By: Rafe Bartholomew

Chantal Escoto, like other embedded reporters in Gulf War II, is living the life of a soldier. She sleeps two or three hours at a time in the back of a Humvee or on the ground in a tent, she eats cold military MREs (Meals Ready to Eat), and her next shower could be days away. Unlike reporters who are covering the war for nationally known papers whose work will be seen by hundreds of thousands of readers, Escoto, a reporter for The Leaf-Chronicle in Clarksville, Tenn., is braving the war for a readership of a little more than 20,000.

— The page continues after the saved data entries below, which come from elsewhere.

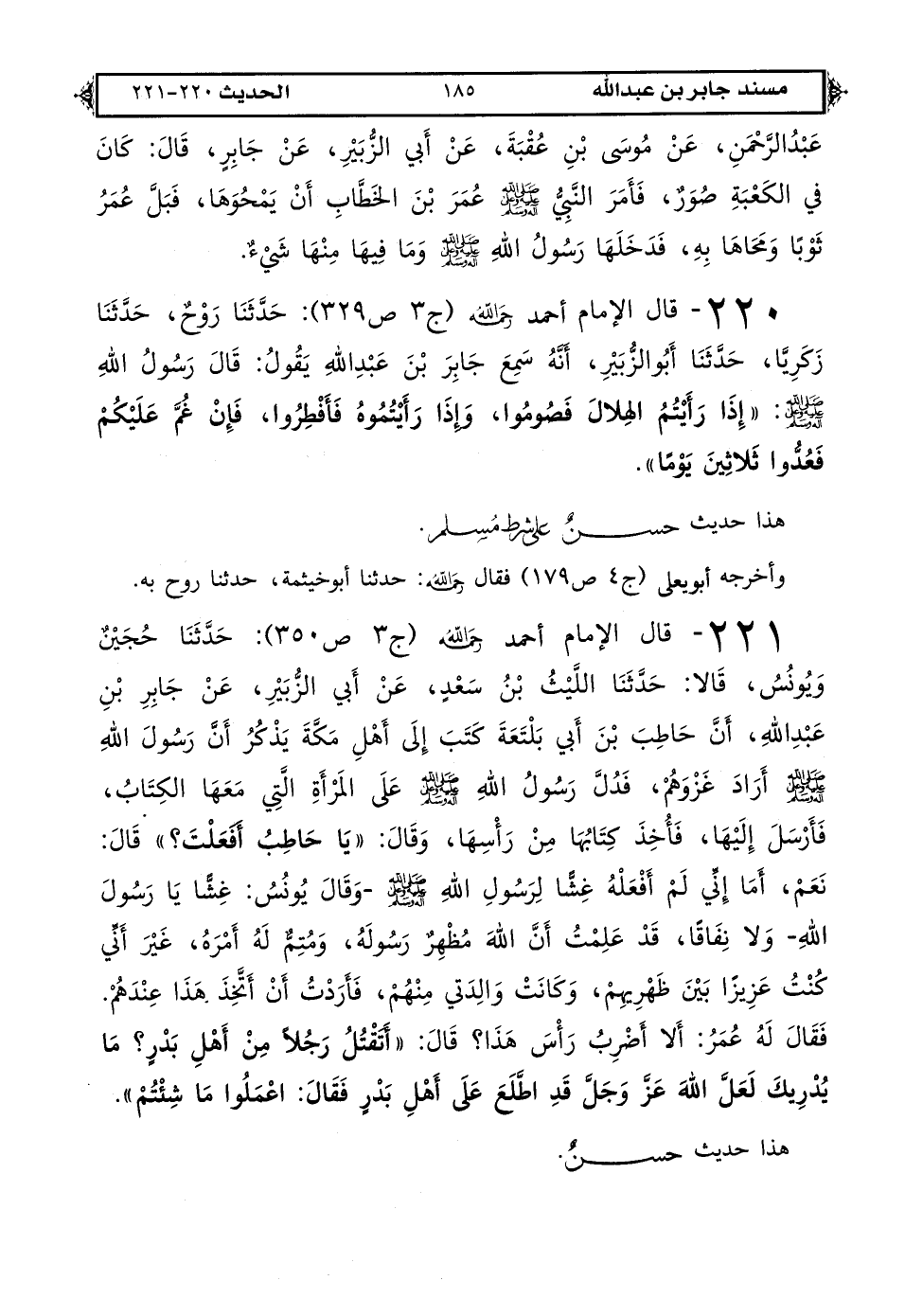 220 - قال الإمام أحمد رحمه الله (ج 3 ص 329): حدثنا روح حدثنا زكريا حدثنا أبو الزبير أنه سمع جابر بن عبد الله يقول: قال رسول الله صلى الله عليه وعلى آله وسلم «إذا رأيتم الهلال فصوموا وإذا رأيتموه فأفطروا فإن غم عليكم فعدوا ثلاثين يومًا».
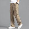 These khaki cargo pants combine practicality and style, featuring spacious side pockets and a relaxed fit. Their versatile design makes them a great addition to casual wardrobes, suitable for various occasions.
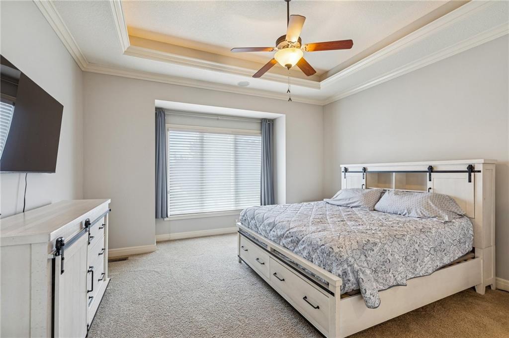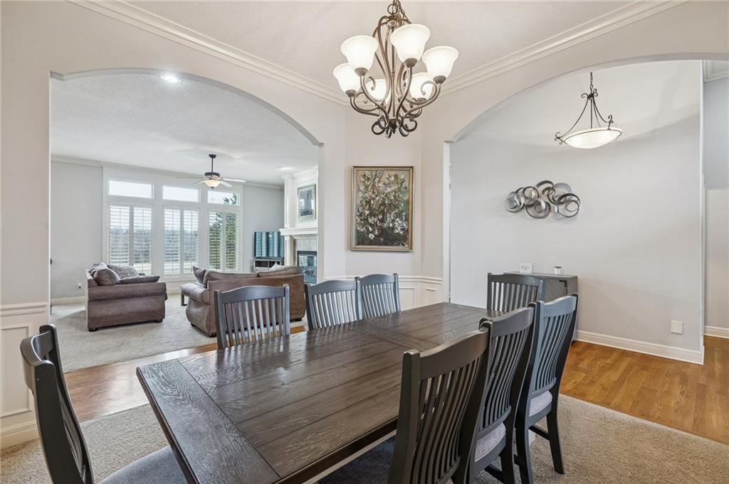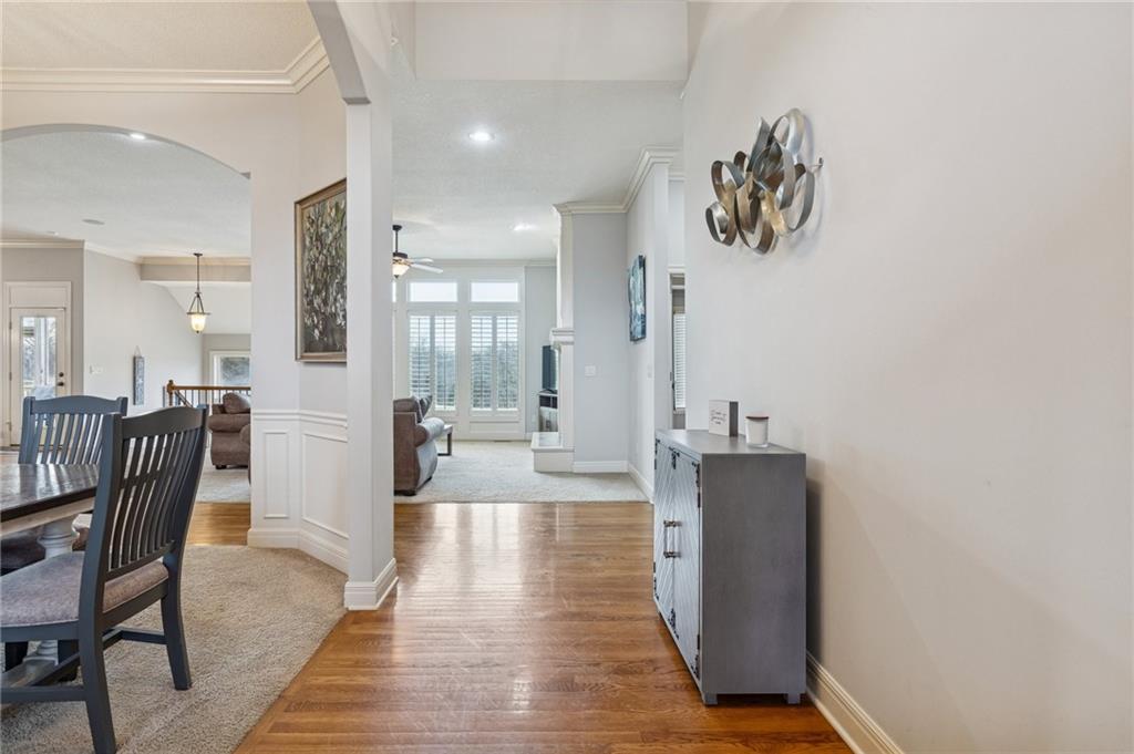 Dreaming of affordable, luxurious living on a private Johnson County golf course? Located in the Estates of Prairie Highlands, this home sits on a premium, fenced golf lot offering the most incredible 11th Fairway and sunset views found within the entire community. This reverse 1 ½ story home offers an open floor plan with spacious rooms throughout. Hardwood flooring in the foyer opens to the large great room appointed with gas fireplace & plantation shutters. The hardwoods continue past the dining room/flex space and into the incredible kitchen with tons of cabinet & counter space plus large (full use) island, and an enormous custom walk-in pantry! The back hall contains a convenient coat closet and laundry room with sink and cabinetry. Off the kitchen's spacious breakfast room is your comfortable screened-in porch overlooking the course and the level, newly fenced backyard--a wonderful spot for a future pool! The primary suite includes a fully tiled walk-in shower, separate jetted tub, double vanities and large walk-in closet. Bedroom #2 and 2nd full bath complete the main level. The lower-level family room offers plenty of space for your Chiefs game day parties featuring a beautiful 2023 Brunswick pool table plus a full walk-behind wet bar and walk-out access to the backyard patio. Two more bedrooms, each with walk-in closets, are connected by a large Jack & Jill bath with dual vanity areas. Recent updates include roof & interior paint (2020), new dishwasher (2022), new toilets (2023), all new primary bath tile (2023), new oven & cooktop (2024), new deck stairs (2025), Kitchen cabinets refinished & freshly painted (2026), New kitchen lighting (2026), Screened porch freshly painted & re-screened (2026), New Exterior Paint coming soon! Epoxy flooring in garage! Open-to-the-Public "Crush Restaurant & Bar" is located in the subdivision clubhouse. Enjoy Golf privileges with membership to club. Prairie Highlands-A Great Value compared to other JOCO golf communities!
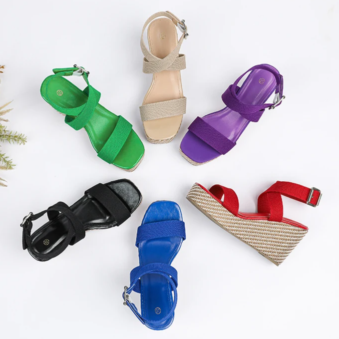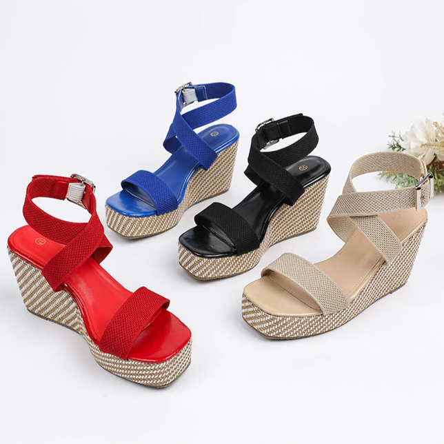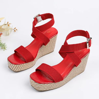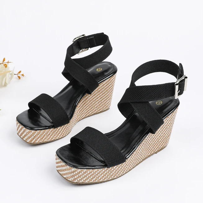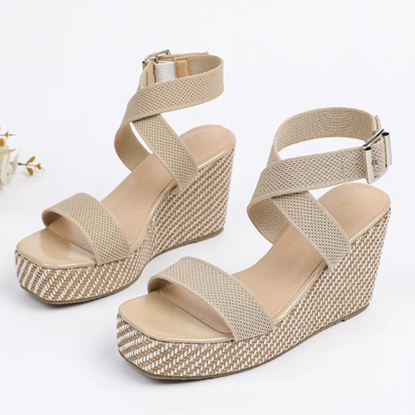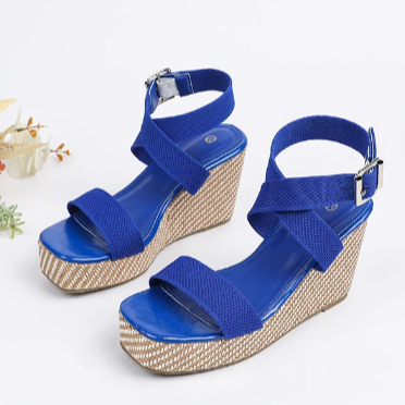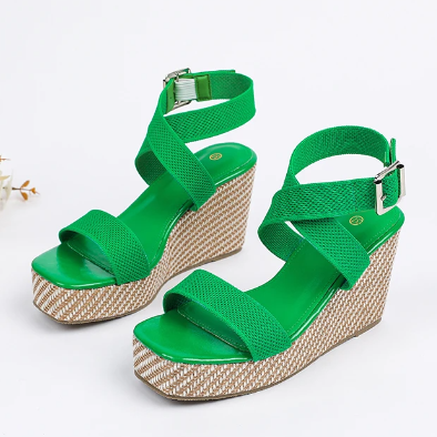 Sandália Salto Anabela Malha Tricô Confortável - Amaya

Reporters such as Escoto are outnumbered by their big-name colleagues in Iraq, but embeds from smaller papers have delivered up-close looks at the lives of soldiers to the people who need them most — their families. Clarksville borders Fort Campbell, home of the Army’s 101st Airborne Division, which is in Iraq. Escoto’s mission, said Leaf-Chronicle Executive Editor Richard V. Stevens, is to provide families with glimpses of the daily lives of some of the almost 20,000 troops in the 101st.

The Leaf-Chronicle is typical of smaller papers with embedded reporters covering the war. “We didn’t send him there to do a comprehensive ‘How the war’s working’ piece,” said Columbus (Ga.) Ledger-Enquirer Executive Editor Mike Burbach, whose reporter Sam Harper is embedded with the 3rd Infantry Division. “We’re looking for the view from the Humvee.”

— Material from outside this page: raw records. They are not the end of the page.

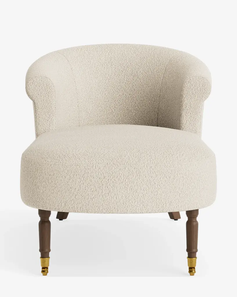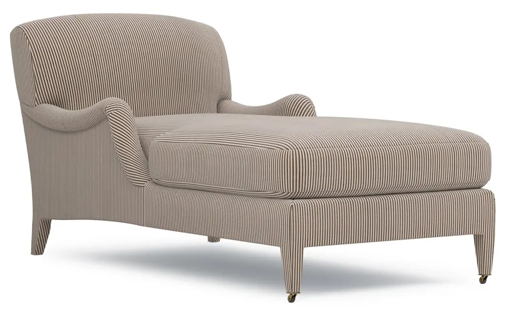 Crafted with timeless design and comfort in mind, our Clemence Chaise brings together the best of form and function. With a rounded back, turned legs and castors, the chaise features traditional elements for a classic feel. Customize this made-to-order piece with an Oak or Chestnut finish and your choice of an array of designer fabrics.
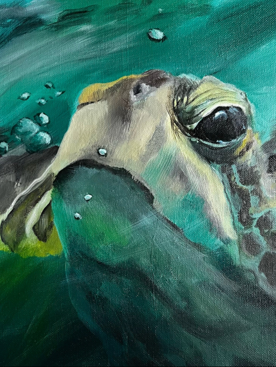 I dream of turtles and paint them. This is one of many. 12x12 acrylic on canvas
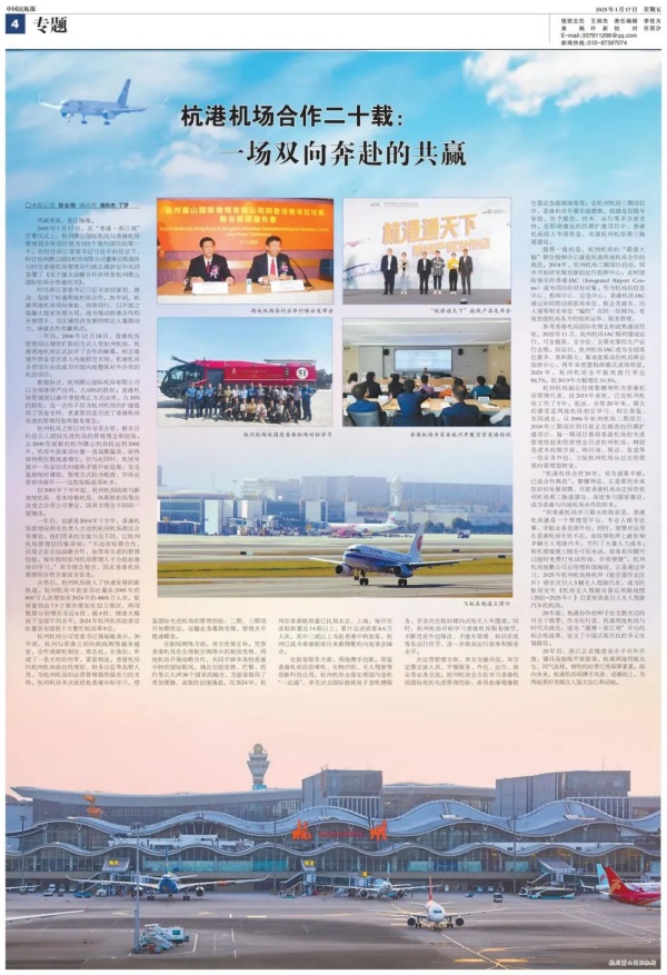 今天(1月17日),中國民航報整版刊登專題報道《杭港機場合作二十載:一場雙向奔赴的共赢》,回顧過去二十年間,杭港兩地機場攜手共進、迎潮而上,在同一片長空之下共同繪就的美好篇章。
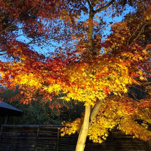 今回の旅の目的 姫路城の隣にある考古園 ライトアップが素晴らしいとのことで初めて訪ねました。 YouTubeでも大混雑の様子どんな素敵なお庭⁉️と期待しました。 明るい内にお庭を堪能段々に暗くなりいつの間にかライトに照らし出された樹木が浮かび上がり昼間とは又違った趣きに大満足で後にしました.🎶( ◠‿◠ ) その時入り口は大行列 私達の時間のコース選びは上手く行ったようでした。👍🎶 感動の紅葉 連続させて頂きます。
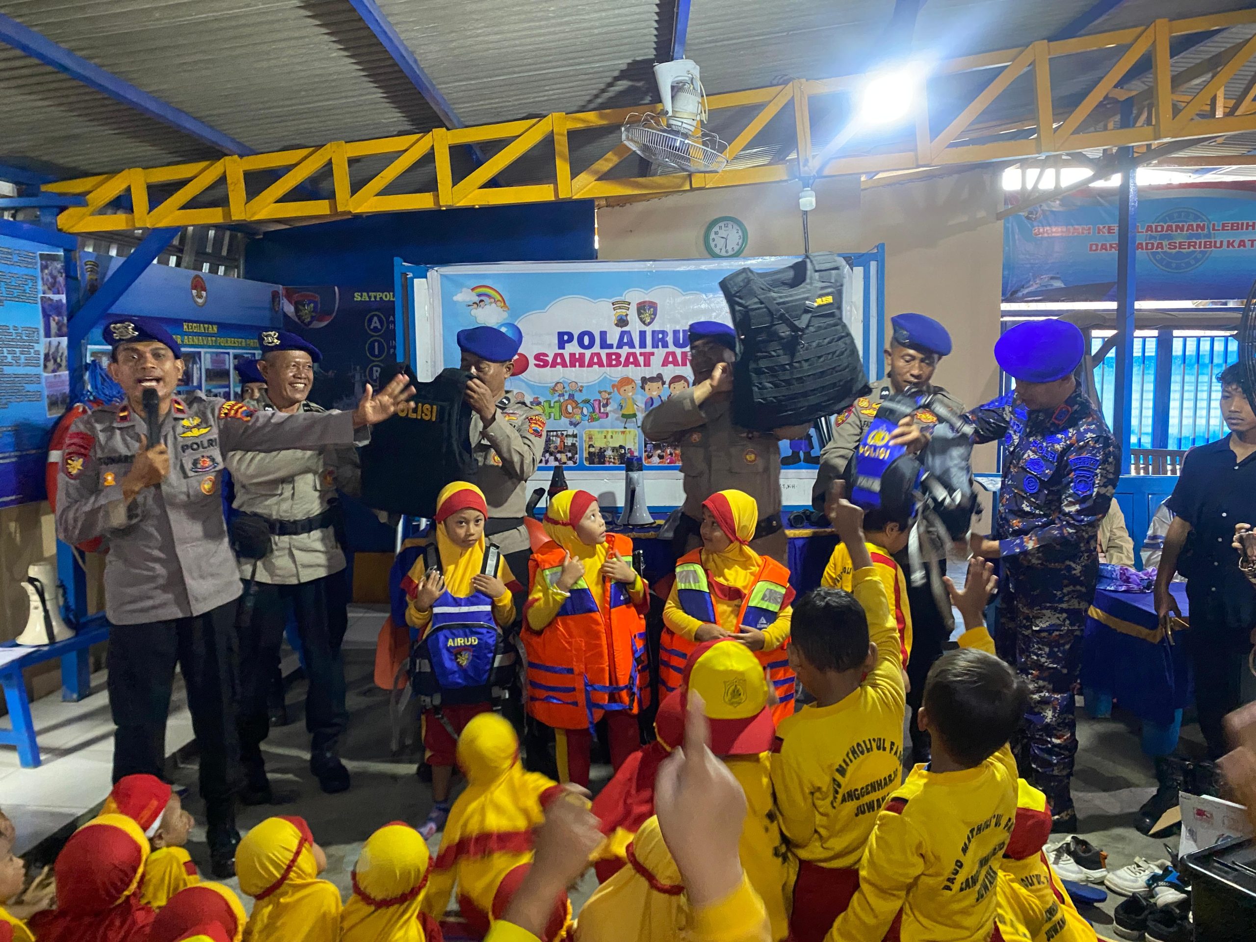Dalam kegiatan tersebut, para siswa diperkenalkan dengan berbagai peralatan khusus yang digunakan Satpolairud, mulai dari peralatan selam, life jacket, ring buoy, teropong, perahu karet, kendaraan bermotor air (AWC), hingga kapal patroli IX-1024. Seluruh materi disampaikan dengan bahasa sederhana agar mudah dipahami anak-anak.

Columbus, home to the 3rd Infantry’s Fort Benning — and the 45,824-daily-circulation Ledger-Enquirer — is one of three midsize Georgia dailies that have reporters embedded in Iraq. The editors and embedded journalists for the Savannah (Ga.) Morning News — the reporter/ photographer team of Noelle Phillips and John Carrington — have done “what we can do to make the local connection with a war halfway across the world,” said Managing Editor Dan Suwyn. Savannah is next to Fort Stewart, an Army base with more 3rd Infantry soldiers.

The Ledger-Enquirer and Leaf-Chronicle have printed personal messages from the troops to their families and friends back home. A “Hi Honey” feature ran twice on the Ledger-Enquirer‘s front page. A similar department in The Leaf-Chronicle, called “From the Troops,” has become one of the paper’s most popular features, said Stevens.

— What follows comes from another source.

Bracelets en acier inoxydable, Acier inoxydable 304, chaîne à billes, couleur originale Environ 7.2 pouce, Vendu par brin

This may seem fairly easygoing, but Diane Lacey Allen, covering the war for The Ledger in Lakeland, Fla., found the experience harder than she expected, said Managing Editor Lenore Devore. “Her America Online screen name is ‘DisasterDi,'” said Devore. “It surprised me to hear her admit she’s scared.”

Still, the Morning News‘ Suwyn said his reporter/photographer team felt safer embedded than retreating to Kuwait with a small military escort. “It’s probably more dangerous to go back down the supply line than to stay where they are,” he said.

Editors at The Augusta Chronicle asked embedded reporter Johnny Edwards not to accompany Marine reserves on potentially dangerous convoy missions. “We want him to write about the local soldiers, not be a wartime correspondent,” said Executive Editor Dennis Sodomka. (Another embed, Chris Barron of The Sun in Bremerton, Wash., gave up his slot on an aircraft carrier last week and went home after the emphasis of coverage shifted to the ground war.)

Many of these embeds have more impressive resumes of military coverage than most of their big-daily colleagues. Escoto covered the 101st Airborne Division on peacekeeping missions in Kosovo in 2000 and the Afghanistan war in 2001. Before becoming a reporter, she was a soldier herself, said Stevens, adding, “She understands the military and the lifestyle. She’s certainly not a babe in the woods.”

Previous experience with the military helps these reporters gain the trust of troops. Harper of the Ledger-Enquirer “established himself as a credible guy who’s interested and wants to get it right,” said Burbach. Often, the reporters are familiar faces, and soldiers want to talk to them.

Augusta’s Edwards, who had no previous experience in the field, arrived in Kuwait without a satellite phone and had to buy one there. “He’s had a lot of frustration, but he’s doing what he has to do,” said Sodomka. “He doesn’t want to come back.”

And, in this way, Edwards is like most other embedded reporters. Despite danger, fatigue, and sand in their laptops, they want to stay in Iraq and continue covering the war. “I haven’t heard a single note from him that sounded like regret,” said Burbach of Harper. “I never expected him to dip in for the weekend and come back.”